Data Platform/Data Lake/Content/Mediawiki wikitext history
wmf.mediawiki_wikitext_history
is a dataset available in the Data Lake that provides the full content of all revisions, past and present, from Wikimedia wikis (except Wikidata).
The content is stored as unparsed Wikitext. Each monthly snapshot should arrive between the 10th and 12th of the following month.

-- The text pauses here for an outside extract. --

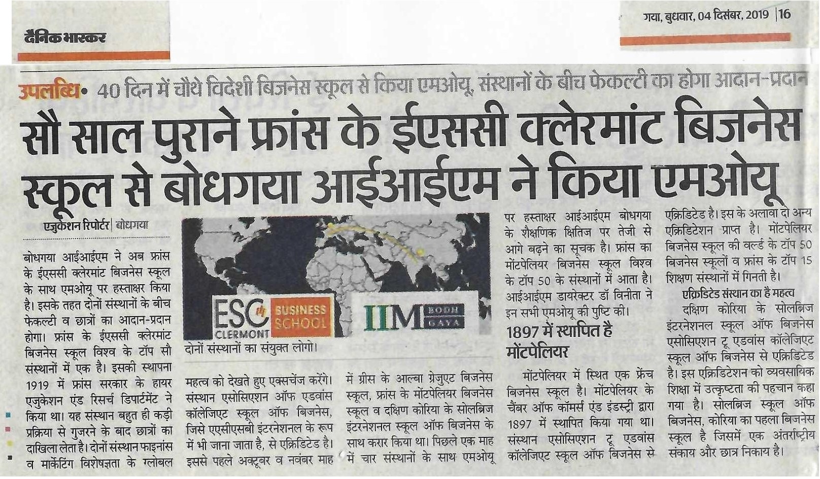 सौ साल पुराने फ्रांस के ईएससी क्लेरमांट बिजनेस स्कूल से बोधगया आईआईएम ने किया एमओयू

Wikidata is excluded to reduce the total latency of the dataset from about 23 days to about 11. This shouldn't be a problem, since it is strongly recommended not to use its XML dumps.
Schema
Note: The snapshot
and wiki_db
fields are Hive partitions. They explicitly map to snapshot folders in HDFS. Since the full data is present in every snapshot up to the latest snapshot date, you should always pick a single snapshot in the where
clause of your query.
col_name | data_type | comment |
---|---|---|
page_id | bigint | id of the page |
page_namespace | int | namespace of the page |
page_title | string | title of the page |
page_redirect_title | string | title of the redirected-to page |
page_restrictions | array<string> | restrictions of the page |
user_id | bigint | id of the user that made the revision (or -1 if anonymous) |
user_text | string | text of the user that made the revision (either username or IP) |
revision_id | bigint | id of the revision |
revision_parent_id | bigint | id of the parent revision |
revision_timestamp | string | timestamp of the revision (ISO8601 format) |
revision_minor_edit | boolean | whether this revision is a minor edit or not |
revision_comment | string | Comment made with revision |
revision_text_bytes | bigint | bytes number of the revision text |
revision_text_sha1 | string | sha1 hash of the revision text |
revision_text | string | text of the revision |
revision_content_model | string | content model of the revision |
revision_content_format | string | content format of the revision |
snapshot | string | Versioning information to keep multiple datasets (YYYY-MM for regular imports) |
wiki_db | string | The wiki_db project |
Changes and known problems
Date | Phab
Task |
Snapshot version | Details |
---|---|---|---|
2024-03-01 | task T357859 | 2024-02 | Wikidata is now excluded in order to dramatically speed up the pipeline. |
2019-11-01 | task T236687 | 2019-10 | Change underlying file format from parquet to avro to prevent memory issues at read time.
|
2018-09-01 | task T202490 | 2018-09 | Creation of the table. Data starts to flow regularly (every month). |
Pipeline
- The
pages-meta-history
public XML data dumps. The bottleneck is the English Wikipedia dump, which finishes between the 7th and the 9th (Wikidata generally takes until the 19th, which is why it is split into a separate job (wikidata_wikitext_history). - A Puppet-managed SystemD timer runs a Python script that imports the XML dump files into HDFS, in folders following the pattern
hdfs:///wmf/data/raw/mediawiki/dumps/pages_meta_history/YYYYMMDD/WIKI_DB
. Wikidata is excluded from this step. - An Airflow job refines the XML dumps into Avro data, stored in folders with the pattern:
hdfs:///wmf/data/wmf/mediawiki/wikitext/history/snapshot=YYYY-MM/wiki_db=WIKI_DB
Note that there is a one month difference between the snapshot value of the Avro-converted data and the raw XML data. This is because our convention in the Data Lake is that the date tells what data is available (for instance, 2019-11 means that data for 2019-11 is present), while with the dumps, the date tells when the dump process started (for instance, 20191201 means the dump started on 2019-12-01, so it will have data for 2019-11 but not 2019-12).
The data is stored in Avro format rather than Parquet to prevent memory errors due to vectorized columnar reading in Parquet.